Por suerte, como cada acción genera su reacción, ahora nos llega el cluttercore, una oda al desorden estético, a las estanterías repletas, a los escritorios donde los objetos cuentan historias en lugar de esconderse en cajas minimalistas que tienes que armar tú mismo y que no tienen el alma del árbol que murió para convertirse en mueble y la del ebanista que trabajó sus vetas. Esta tendencia es un respiro de tanto gris, tanto beige y tanto aburrimiento; una especie de regreso a la cueva primigenia, pero con más libros y menos huesos de mamut.
Si los objetos fueran solo cosas, ¿por qué nos resistimos tanto a deshacernos de ellos? Fred Rogers decía que dejamos una parte de nosotros en cada persona que conocemos, pero eso también aplica a lo que tocamos, usamos y atesoramos. En La vida secreta de las cosas, se nos recuerda que los objetos, por inanimados que sean, llevan nuestra historia, como si fueran cápsulas de memoria que nos anclan a momentos, lugares y afectos. Y eso es precisamente lo que los minimalistas parecen olvidar: una casa sin libros, sin adornos heredados, sin las rarezas acumuladas en viajes y ferias de antigüedades, es una casa sin historia.
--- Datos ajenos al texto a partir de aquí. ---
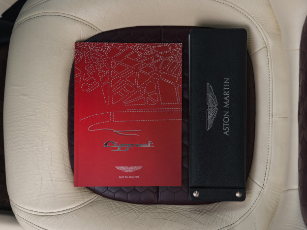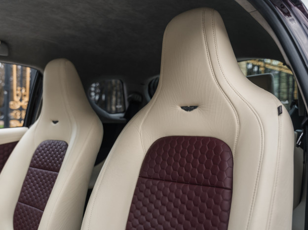 The Aston Martin Cygnet we are offering boasts an exceptional configuration: the exterior paint, Amethyst Red metallic, is from the Q Special color range. The car is equipped with the rare and enjoyable manual transmission, and its Cream Truffle leather interior with quilted Iron Ore Red leather inserts is stunning. This Cygnet comes with its duplicate service book, manuals, spare key, and even the small leaflet. This Aston Martin Cygnet is in impeccable condition and has covered 55,200 km. It will be serviced for sale, and we also have its Certificate of Conformity. This is undoubtedly one of the finest examples currently for sale, highly desirable in this configuration.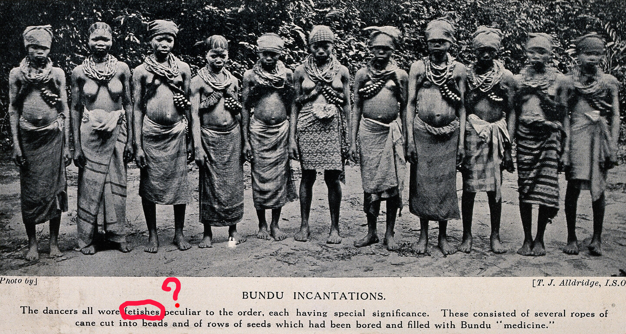 The 1st picture on the left illustrates the initiation process of the female Bundu society. The use of the term "fetishes" in this context shows how the word became a part of colonial thinking.

Si quisiéramos vivir sin nada, estaríamos en un barril como Diógenes (y ya sabemos lo poco acogedor que es un barril). En cambio, los que acumulamos con placer sabemos que rodearse de cosas no es un apego superficial, sino una manera de dejar huella. Y eso, queridos lectores, es pura humanidad.
Porque sí, tengo claro que al final no nos llevamos nada a la tumba. Pero tampoco nos llevamos a nuestros afectos y eso no significa que no vayamos apegarnos a nadie. Lo mismo con las cosas: tenerlas no nos hace menos espirituales, igual que no tenerlas no nos hace más sabios. Lo que sí nos hace tenerlas es humanos. Y si el desapego total nos convierte en psicópatas emocionales, el desapego material nos puede convertir en algo peor: seres aburridos sin historias que contar.
Así que acumulen con alegría aquello que amerita guardarse, y, por lo que más quieran, ¡no cuenten los libros de su biblioteca! (Y si los van a tirar, avísenme, con confianza, yo se los recojo).